◆ Aim of the exercise ◆
Reproduce this listing from its first line through the line with "Cute play on", inclusive, leaving out all that follows.

◆ Data ◆
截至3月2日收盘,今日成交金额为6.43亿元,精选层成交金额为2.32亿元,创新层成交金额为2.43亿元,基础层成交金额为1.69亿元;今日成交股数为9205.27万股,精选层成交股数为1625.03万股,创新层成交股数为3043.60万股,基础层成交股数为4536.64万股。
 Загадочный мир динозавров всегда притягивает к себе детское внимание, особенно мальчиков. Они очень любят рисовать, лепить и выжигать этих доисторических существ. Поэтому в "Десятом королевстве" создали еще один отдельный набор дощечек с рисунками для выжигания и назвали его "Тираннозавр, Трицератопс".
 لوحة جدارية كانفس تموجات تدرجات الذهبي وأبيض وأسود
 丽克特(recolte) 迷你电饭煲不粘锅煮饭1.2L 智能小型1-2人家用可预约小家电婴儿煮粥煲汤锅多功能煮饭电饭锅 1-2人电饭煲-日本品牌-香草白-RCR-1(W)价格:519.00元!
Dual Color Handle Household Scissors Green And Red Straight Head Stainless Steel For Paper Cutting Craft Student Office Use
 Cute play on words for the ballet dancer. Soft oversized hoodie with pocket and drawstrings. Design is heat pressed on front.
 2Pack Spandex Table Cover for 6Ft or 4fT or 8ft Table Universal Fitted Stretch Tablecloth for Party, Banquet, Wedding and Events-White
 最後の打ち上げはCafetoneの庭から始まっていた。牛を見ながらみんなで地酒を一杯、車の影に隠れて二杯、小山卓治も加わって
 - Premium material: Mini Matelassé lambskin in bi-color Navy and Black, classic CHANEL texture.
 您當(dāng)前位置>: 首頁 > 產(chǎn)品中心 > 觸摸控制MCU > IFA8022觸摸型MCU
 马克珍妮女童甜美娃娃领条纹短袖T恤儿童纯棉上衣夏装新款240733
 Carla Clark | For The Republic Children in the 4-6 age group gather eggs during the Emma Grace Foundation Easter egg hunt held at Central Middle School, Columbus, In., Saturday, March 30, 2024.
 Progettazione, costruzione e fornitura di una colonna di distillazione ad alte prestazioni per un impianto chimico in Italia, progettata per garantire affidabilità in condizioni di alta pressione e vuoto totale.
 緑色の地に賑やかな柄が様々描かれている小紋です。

◆ Output below ◆
截至3月2日收盘,今日成交金额为6.43亿元,精选层成交金额为2.32亿元,创新层成交金额为2.43亿元,基础层成交金额为1.69亿元;今日成交股数为9205.27万股,精选层成交股数为1625.03万股,创新层成交股数为3043.60万股,基础层成交股数为4536.64万股。
 Загадочный мир динозавров всегда притягивает к себе детское внимание, особенно мальчиков. Они очень любят рисовать, лепить и выжигать этих доисторических существ. Поэтому в "Десятом королевстве" создали еще один отдельный набор дощечек с рисунками для выжигания и назвали его "Тираннозавр, Трицератопс".
 لوحة جدارية كانفس تموجات تدرجات الذهبي وأبيض وأسود
 丽克特(recolte) 迷你电饭煲不粘锅煮饭1.2L 智能小型1-2人家用可预约小家电婴儿煮粥煲汤锅多功能煮饭电饭锅 1-2人电饭煲-日本品牌-香草白-RCR-1(W)价格:519.00元!
Dual Color Handle Household Scissors Green And Red Straight Head Stainless Steel For Paper Cutting Craft Student Office Use
 Cute play on words for the ballet dancer. Soft oversized hoodie with pocket and drawstrings. Design is heat pressed on front.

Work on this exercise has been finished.